Random Thoughts Bouncing Around in an Empty Brain


That's what my head feels like today. In truth it's what my head has felt like for a few weeks now and all of the post Christmas clutter isn't helping. So, what am I doing right now -- am I taking down Christmas decorations, or putting away gifts, or taking a long head-clearing walk -- NO. I am writing a blog post.

It does help to get some of those random thoughts out of my brain and on to paper -- well it usually does. I did what I call a Brain Dump yesterday and wrote every thing down that was clogging up my thought processes and it did help for a while, but today they are all back pinging around in there. Ugh! I know -- you  are saying -- why doesn't she just do some of these things. Well, I have -- I was busy yesterday crossing things off of my to do list, and still it is miles long.

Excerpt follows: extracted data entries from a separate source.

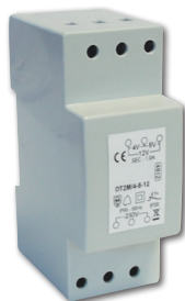
DAT02A 1A Mains Bell Transformer DIN Rail Mounted 4/8/12V AC
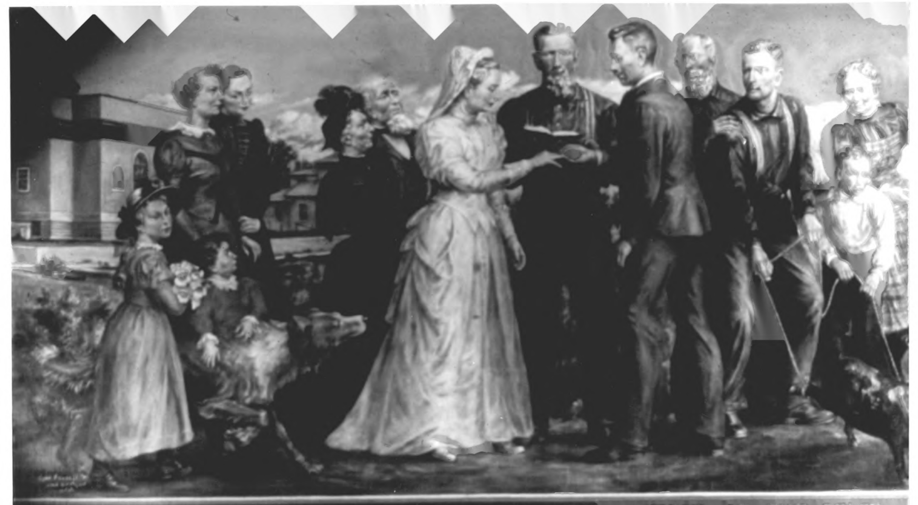
ERASTUS W. McINTIRE FIRST JUSTICE OF THE PEACE.
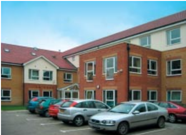
Barleycroft Care Home in Romford
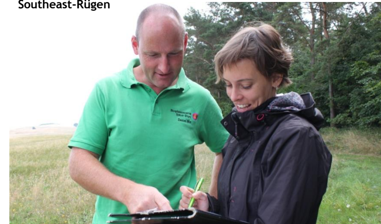
Visitor Questionnaires
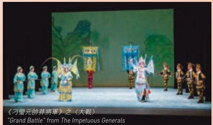
《刁蠻元帥莽將軍》之〈大戰〉 "Grand Battle" from The Impetuous Generals

一年全日制課程旨在為學員提供穩固的戲曲基礎訓練，為進一步的研習奠下紮實基礎。基礎粵劇文憑課程提供表演及音樂兩項主修。
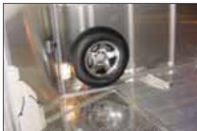
Spare Tire and Carrier

HANDBUILT EXTRAS FOR YOUR INDIVIDUAL NEEDS
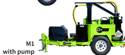
M1 with pump
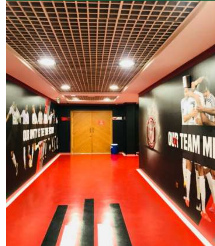
Al Jazira Club, Abu Dhabi, UAE.
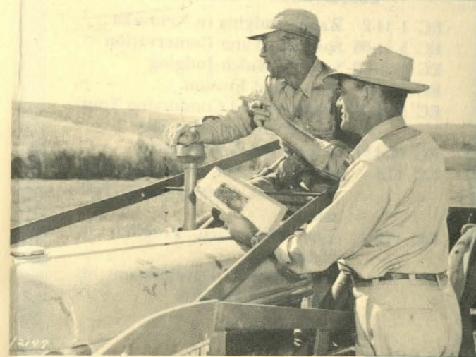
Soil Conservation Service technician explaining a conservation plan to a farmer.

A Watershed Conservancy District is a sub-district of one or more existing soil and water conservation districts. It provides legal authority to resident taxpayers to meet local responsibilities in carrying out a Watershed Protection and Flood Prevention program.
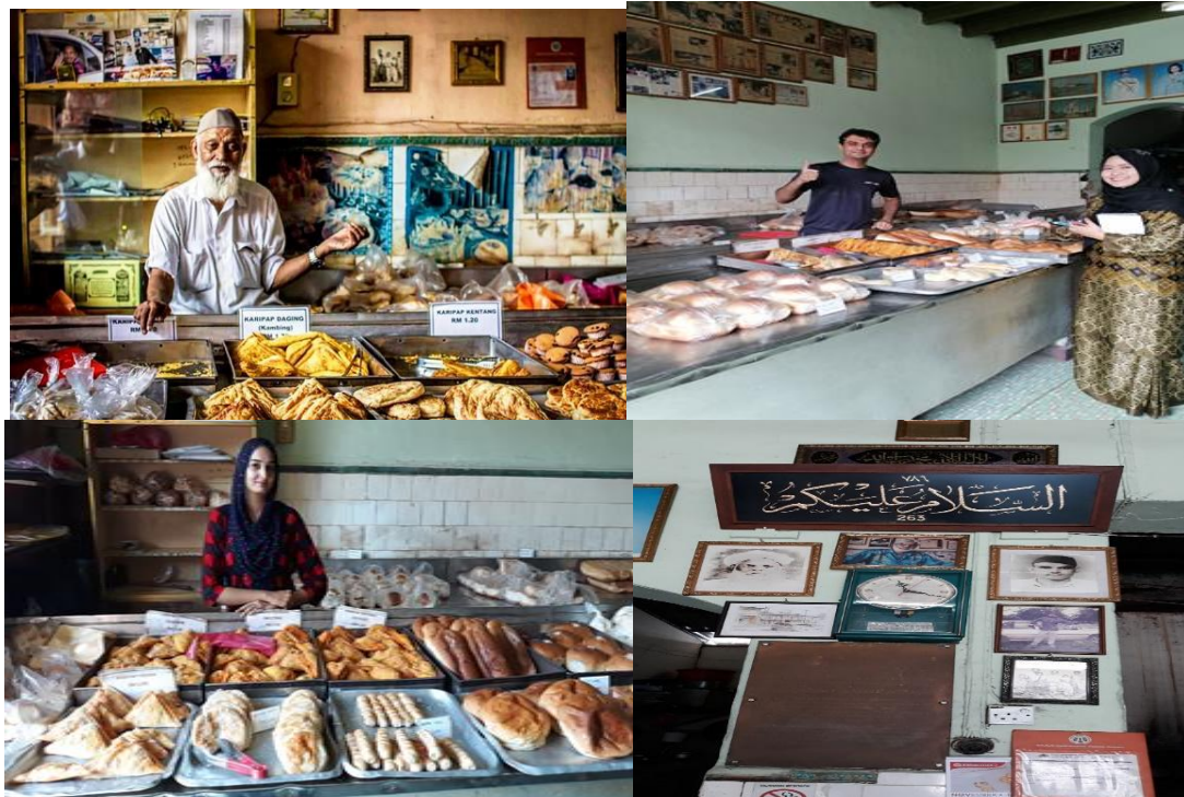
Figure 6. The owner takes turns with his son and daughter in managing the store.
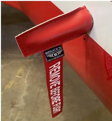
Cessna 501 Angle of Attack Transducer Cover
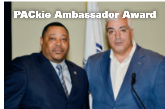
PACkie Ambassador Award
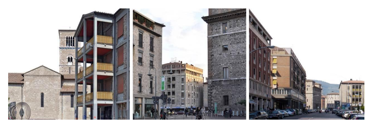
Figure 2: views of the most significant realisations by Ridolfi and his Studio: his idea of modernity stands in closer but critical dialogue with the historical monuments

Hence derives the primary theme of the coordinated relationship between the urban historical structure and the regeneration and expansion's strategy based on the recognition of the authentic values of tradition and of those of continuity with it.
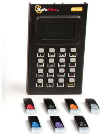
Figure 3-1. Luna PED and iKeys

Any iKey, once data has been written to it, is an Identification and Authentication device and must be safeguarded accordingly by the administrative or operations staff responsible for the operation of the module within the customer's environment.
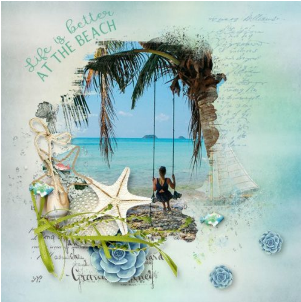
Layout by Henriëtte
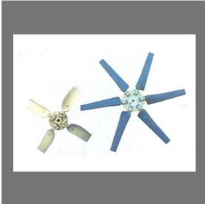
Cooling Tower Fan
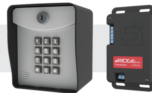
14-500 Ridge 2.0 433-MHz Keypad and Transceiver

For more information, visit us online: securitybrandsinc.com
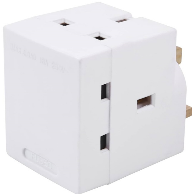
MULTI-PLUG ADAPTOR 13A FUSED 3 WAY PELB1601
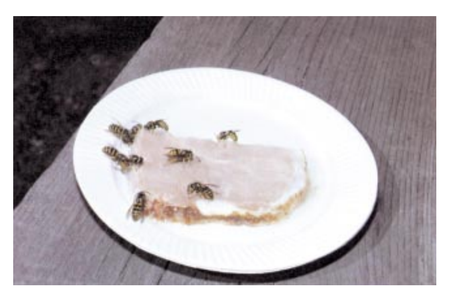
Western yellowjacket workers often scavenge for meat or sweets at picnics. Workers will feed pieces of meat to developing larvae in the nest.

Underground nests. Use a registered hornet and wasp spray. Direct the material into
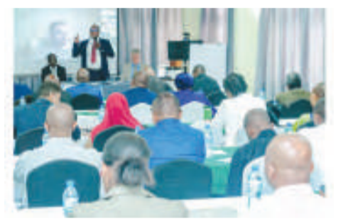
CPA, Nicodemus Mkama, CEO of CMSA addressing capital markets stakeholders during stakeholders' consultation meeting.

Implementation of the Securities Industry Certification Courses has increased the number of licensed market intermediaries by 27.8 percent to 184 during the period ended 29th February 2024 from 144 during the period ended 29th February 2021. The increase in the number of market intermediaries serves to increase public access to financial services which is one of the key pillars enshrined in the Third National Financial Inclusion Framework.
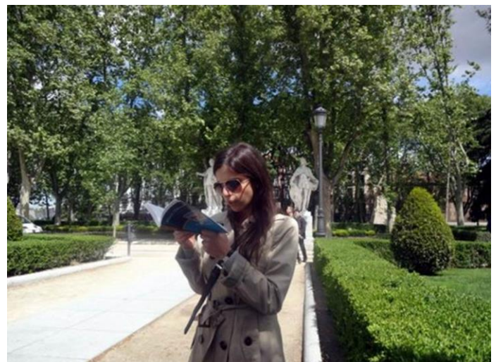
Reading about Madrid.

When I'm not working, I'm planning my next trip. I love to travel and try to take one big trip a year. I recently returned from Spain. I spent time in Palma de Mallorca, Toledo, Madrid and Barcelona. Each city had rich history, unique architecture, delicious food and lots to explore. Here are a few pics:
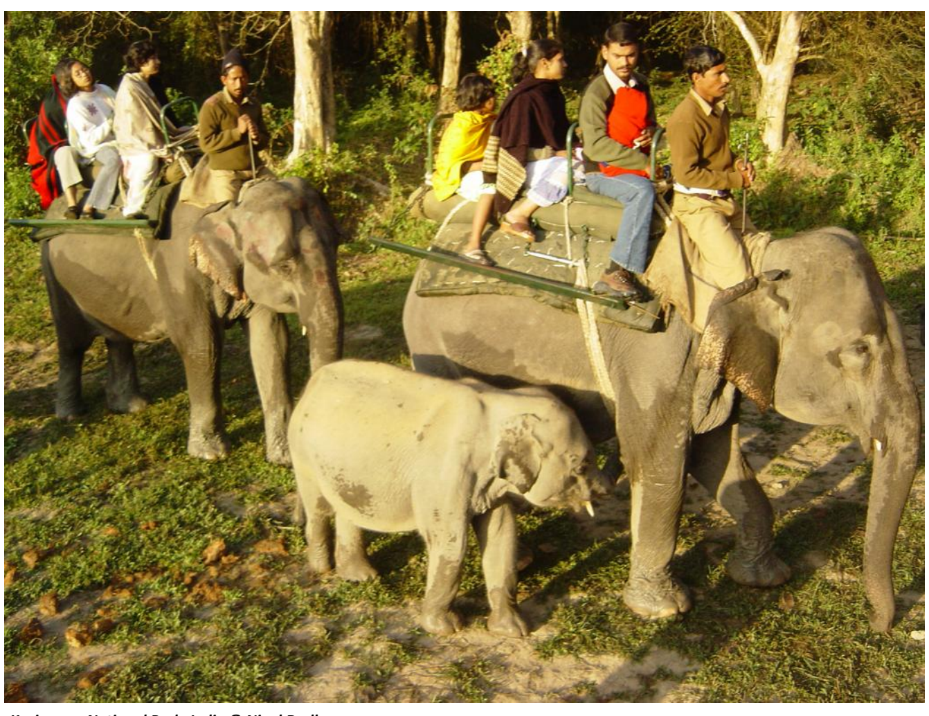
Kaziranga National Park, India

countries, she found that ecotourism employment resulted in more positive attitudes towards tourism and conservation, and that education played a key role. Similarly, Hussain and others assessed the contribution of tourism to local livelihoods in the region of Kaziranga National Park, a World Heritage site in India. Many nearby residents benefited from park tourism, and these benefits could increase if the leakages could be reduced through logistic support, proper marketing of local products, and strengthening of local institutions. Last, Salizzoni examines biodiversity conservation and tourism along the Euro-Mediterranean coast. Planning and management policies are needed to address the negative impacts of seaside tourism and to promote low impact tourism in the interior of this region.
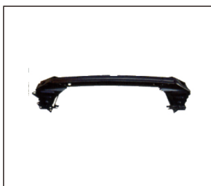
FRONT BUMPER REINFORCEMENT 911.MZ44087A OE:G31A-50-070
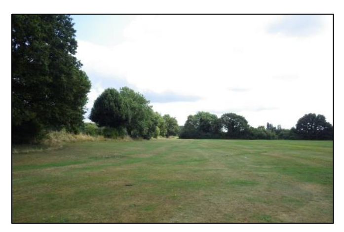
Figure 1 Firs Farm Site prior to implementation

Given that the presence of the scheme was likely to attract a greater number of users to the site a wider consideration of the public health and safety was required during the design. The gradients of the slopes of the wetland cells are designed to have a maximum fall of 1 in 3 for example.
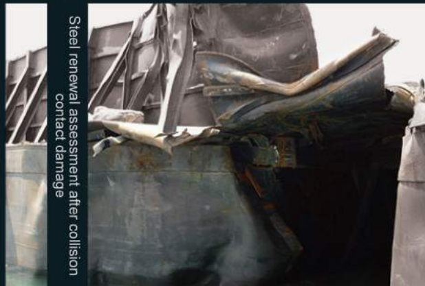
Steel renewal assessment after collision contact damage
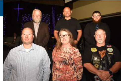
2021 SOM Graduates
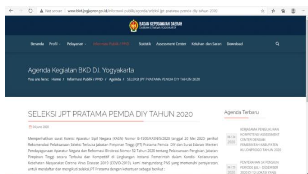
Figure 2. Open Selection Announcement on BKD DIY Official Website
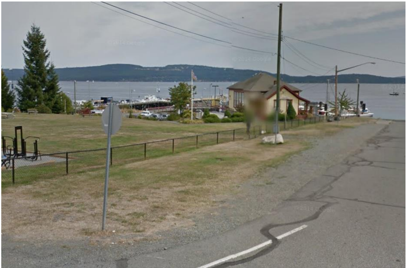
Pre-Construction On Joan Avenue at Queen Street looking North East
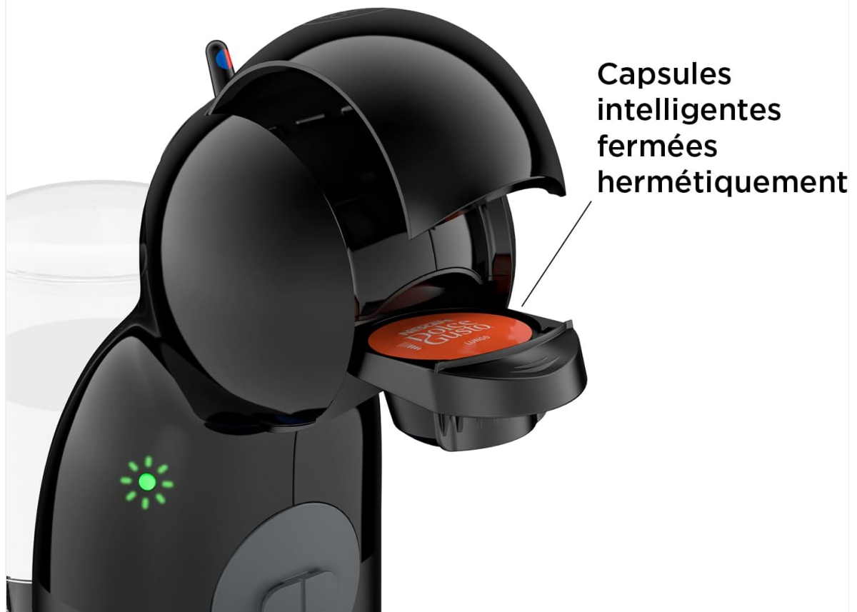
Figure 4: Inserting a Nescafé Dolce Gusto capsule.
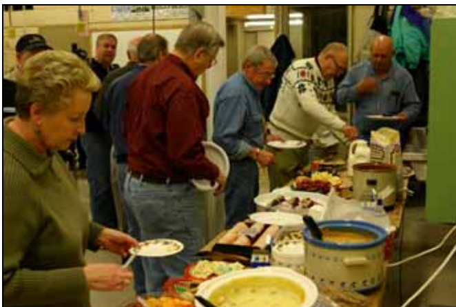
There was plenty of food at this year's event.
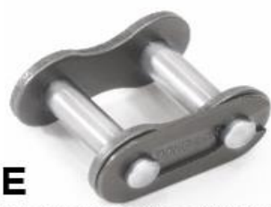
E Spring connecting link Loose fit
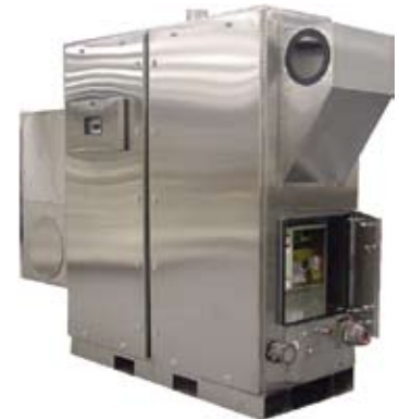
Offshore Hazardous Area
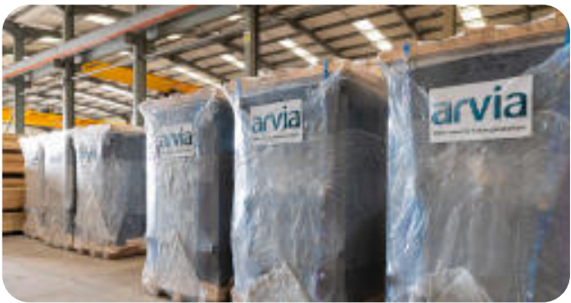
Nyex-a reactors ready for installation into the treatment basin at a client's site.

Arvia was employed to work with an agrochemical manufacturer to help treat its wastewater in Israel. The wastewater was from an agrochemical manufacturer who wanted to meet the industry standard with its wastewater discharge. The objective of the project was to assess the effectiveness of the Nyex™ treatment system in reducing the total herbicide concentration in the wastewater to UK drinking water standards, from 1.1 mg/L to <0.001 mg/L. The manufacturer was keen to show its commitment to protecting the environment through the removal of micropollutant compounds in discharge water. The concentrations of 5 different herbicides: Imazomox, Florasulam, Nicosulfuron, Imazapyr and Clomazone were studied before and after treatment with the system.
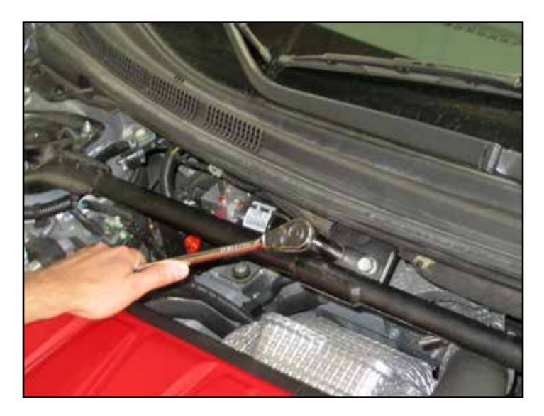
a. Using a 14mm socket, remove the (2) bolts holding the stock strut bar to the firewall bracket
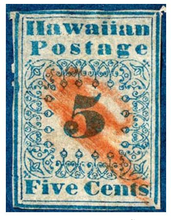
Hawaiian Missionary Stamp accepted as genuine
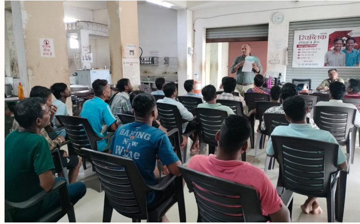
Occupational safety & health workshop, Aug 2025
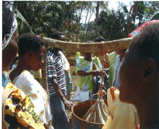
Photo: Practical training on making of organic manure

Here's some of the things I did:

  • Walked the dog 2 miles
  • Stretched
  • Returned shoes to Zappos at the UPS store
  • Dropped off shoes to be repaired 
  • Picked up a prescription at CVS (that always takes longer than I think it should -- always a huge line there)
  • Bought myself calendars for home and work since I didn't get any for Christmas
  • Picked up Emma's friend and dropped them off at the nail place to use their Christmas gift certificates
  • Paid estimated taxes
  • Paid bills
  • Did 2 loads of laundry and folded and put them away
  • Met Emma at her ballet class in Bristol so we could take photos for her Summer Dance Intensive Applications. Her teacher helped us get the poses right and I did the photographs.
  • Downloaded photographs to the computer
  • Helped Emma tweak some setting on her new blog: Ballerina Bunheads. Check it out!
Honestly I do not know how my friends with more than one child manage to keep up with everything. Yes, I know I work, but really it's only 24 hours a week spread over 4 days -- I used to work 40 hours a week 5 days a week -- I have no idea how I managed that when Emma was little. On top of all of this not one, but two continuing legal education providers have asked me to speak in June. I guess I am a victim of my own success. The problem is that June is just a bad month for me. End of the school year, dance recitals, taking Emma to dance intensive (hopefully). I really want to say Yes because I enjoy the speaking and admit I get an ego rush out of seeing my name in print as a presenter, but I get crazy and nervous the few weeks beforehand so I think I have to say No. On top of that work is busy (which is good) but it means I can't do any prep work for the talks at work. We are moving to a new building in September and we are doing a huge weeding project combined with moving to a new library catalog system.  Then on my list of other unpaid jobs are: dance class chauffeur, Junior Warden at church. Church choir member and chalice bearer.

Okay, so now I am just droning on with no organization at all. Welcome to my brain!

And I haven't even included the list of unfinished projects around the house that are all also jumping around my brain.

I need a glass of wine -- is it 5pm yet?